**Exercise details:** Among the entries below, retype exactly the lines starting with the one with "Стеклянная оконная наклейка, подвеска, декор, детский" and going on through the one with "Удлинитель механический 735К", but not the pictures.

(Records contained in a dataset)
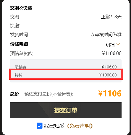 某客找到 诉苦:某友商用DFM下单,标了一个很低的价格,比网页版下单优惠50元;结果,结果,结果,下了一单后,就没有这个价了,不清不楚地误导价格。
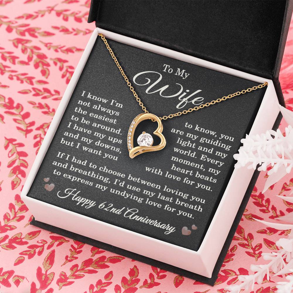 62nd Anniversary Necklace for Wife from Husband 62 Years Anniversary Jewelry for Her Women Forever Love Pendant
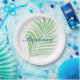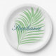 Palm Tree Sage Green Watercolor Leaves Name Paper Plate
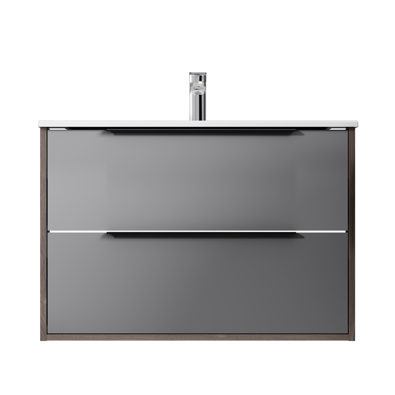 AM.PM Flash Vanty sæt i grå med 2 skuffer. Mål: 79,6 x 48,2 x 54 cm. Med overløb, soft close og hanehul.
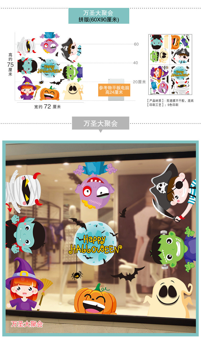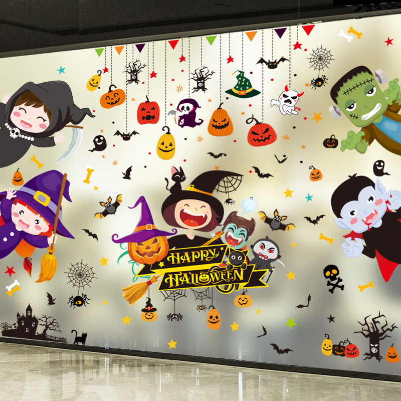 Стеклянная оконная наклейка, подвеска, декор, детский тыквенный фонарь, xэллоуин
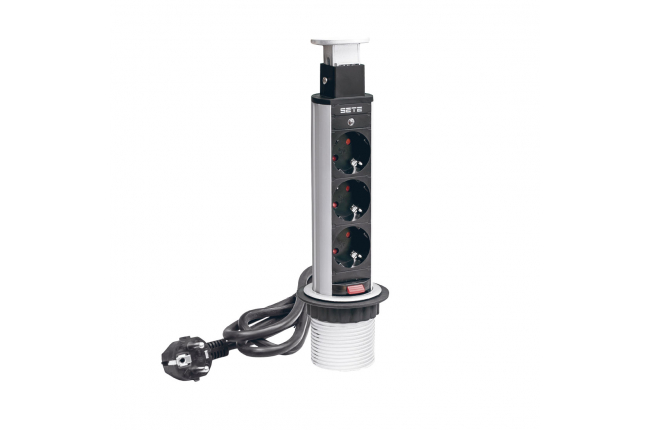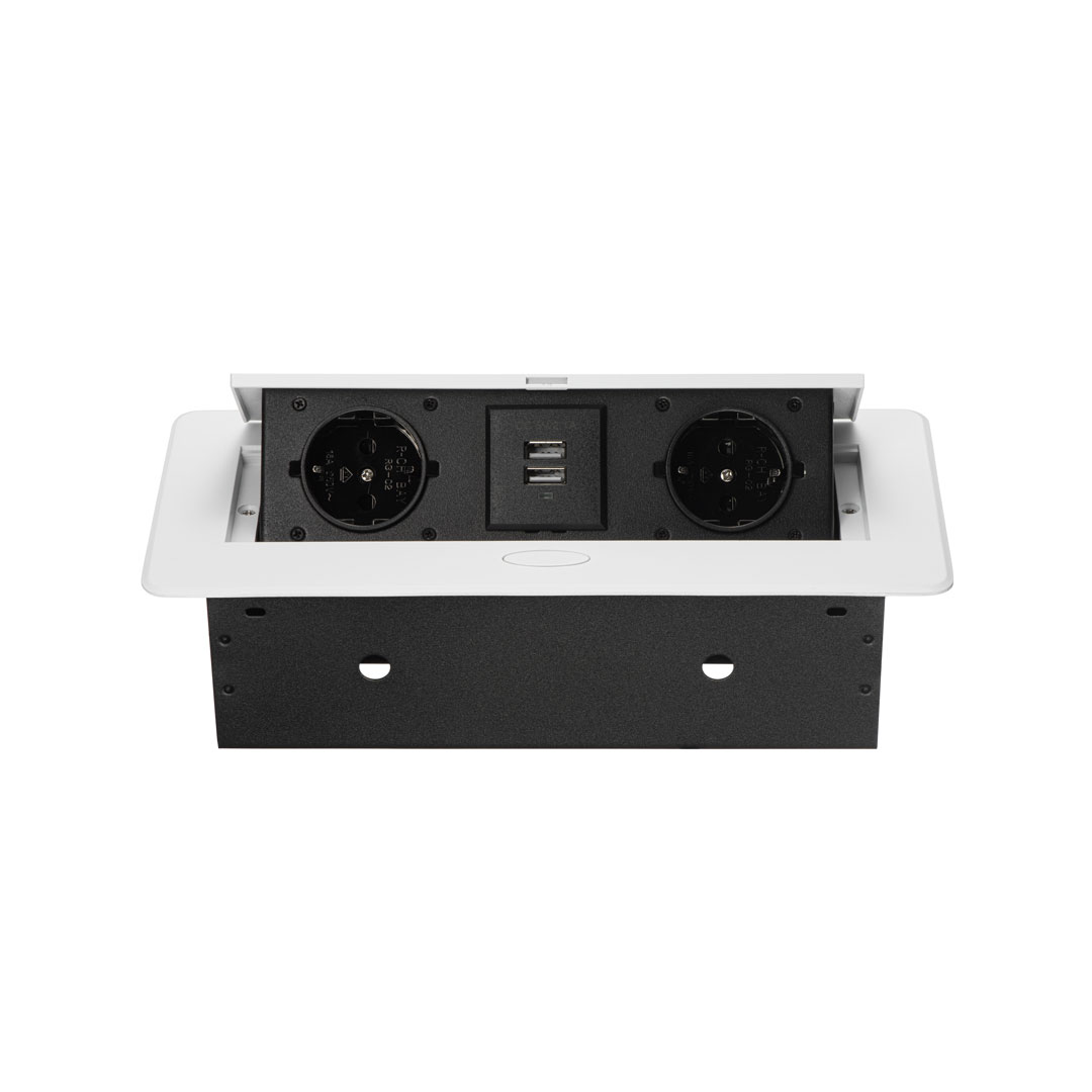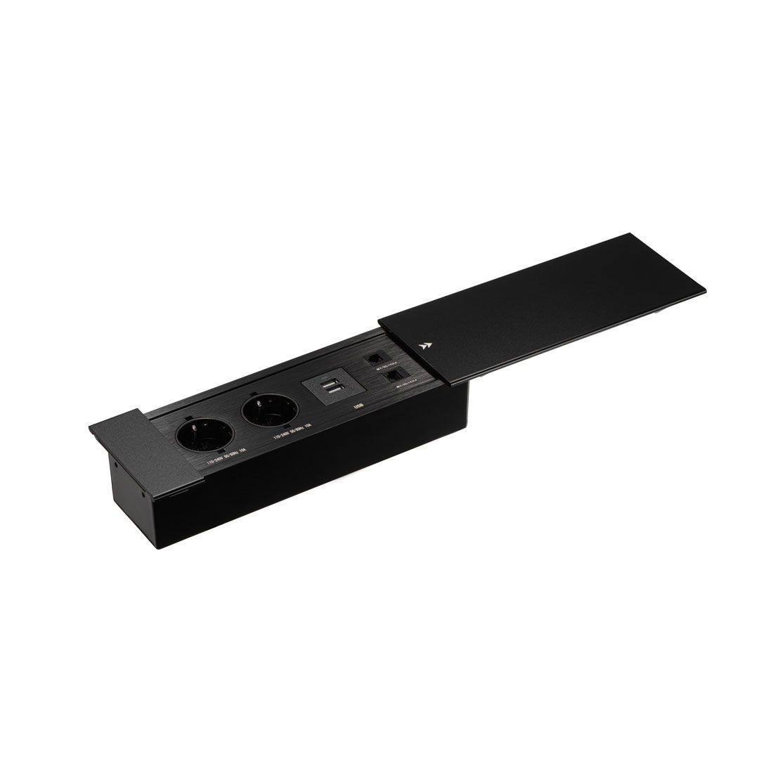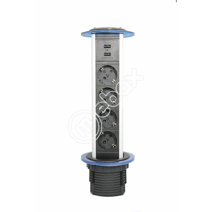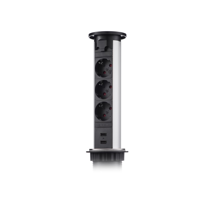 Удлинитель механический 735К 2 евро беспров.зар. 2 USB-А +2 RJ-45 (Ethernet), выдвиж. панель Серебро
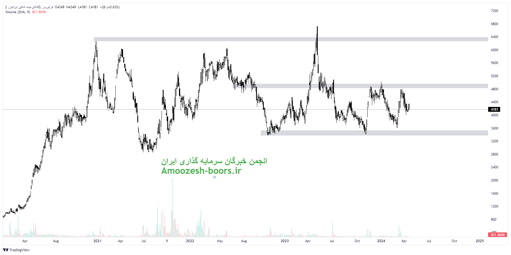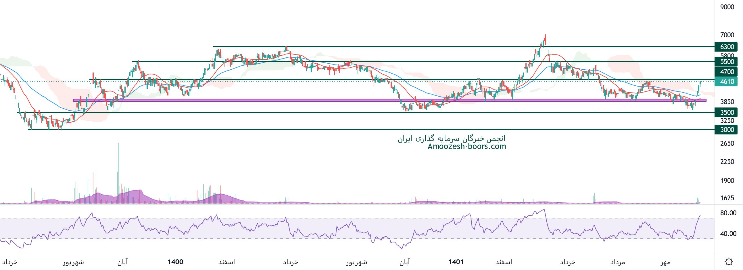 سهم اتکای مقاومت مهم ناحیه ۴۹۰۰ ریال را پیش روی خود دارد که در صورت حفظ تقاضای به وجود آمده در سهم و عبور از این ناحیه، هدف بعدی سهم اتکای در میان مدت ناحیه مهم ۶۴۰۰ ریال در نظر گرفته خواهد شد. همچنین در صورت برگشت مجدد نزدیکترین حمایت به سهم اتکای ناحیه ۳۴۰۰ ریال در نظر گرفته خواهد شد.
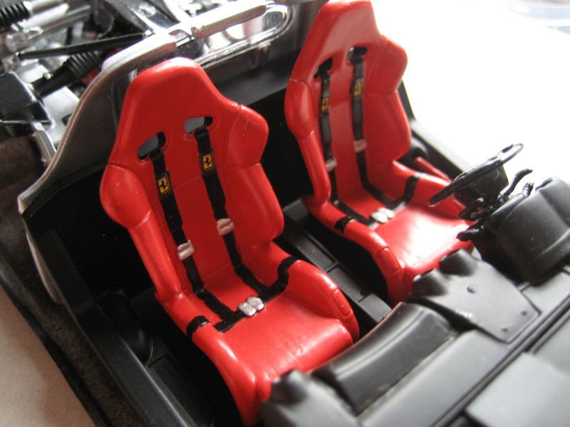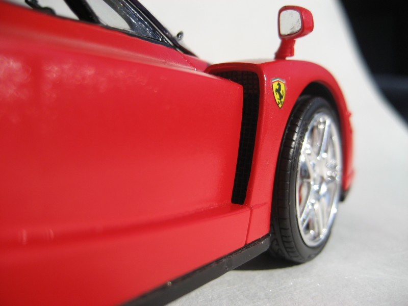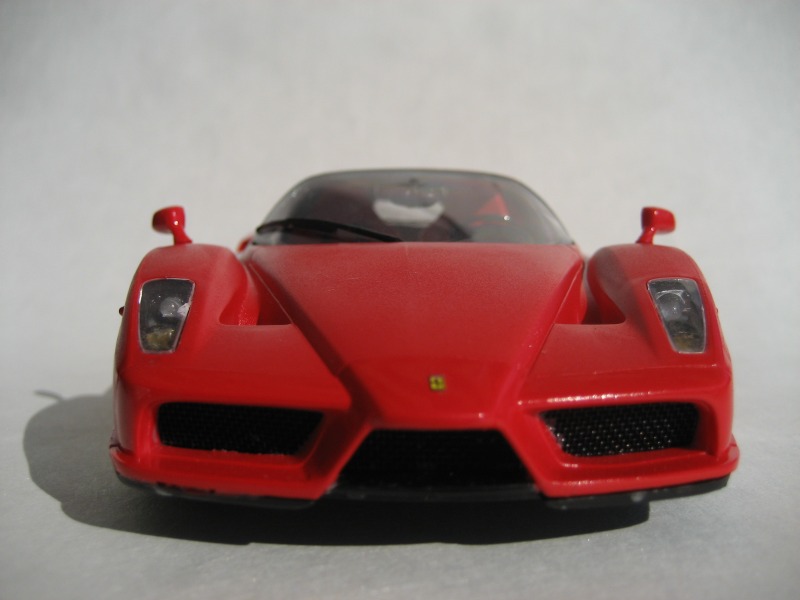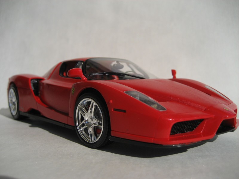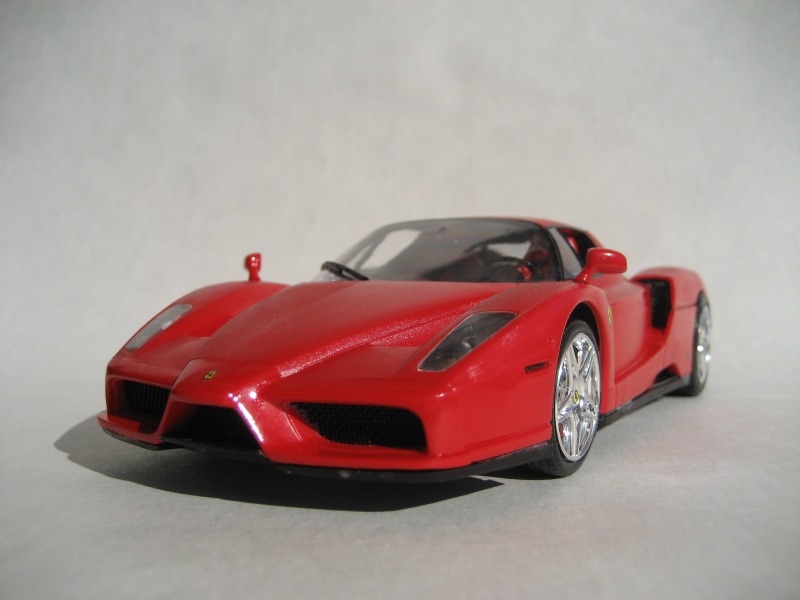 das nächste Modell von mir ist der Ferrari Enzo von Revell. Was mich beim Bau ein bisien Gestört hat war die passgenauigkeit der Motothaube. Ich habe gebogen, geschoben und versucht gradezurücken, hat aber nicht ganz funktioniert. Auf den Bildern kommt das ganze allerdings schlimmer rüber, als es in Wirklichkeit ist. Lackiert wurde wieder mit Farbe aus der Dose. Beim Bildermachen ist mir aufgefallen, dass ich die Blinker an der Seite total vergessen habe. Auch die Auspuffinnenseite habe ich vergessen zu schwärzen. Wurde aber beides in der zwischenzeit behoben.
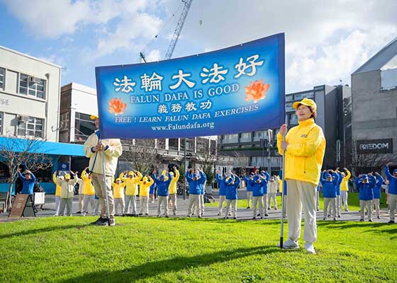 七月十五日,新西兰法轮功学员在奥克兰新市场商业中心炼功、集会,纪念反迫害二十四周年。

**Answer below:**
 Стеклянная оконная наклейка, подвеска, декор, детский тыквенный фонарь, xэллоуин
 Удлинитель механический 735К 2 евро беспров.зар. 2 USB-А +2 RJ-45 (Ethernet), выдвиж. панель Серебро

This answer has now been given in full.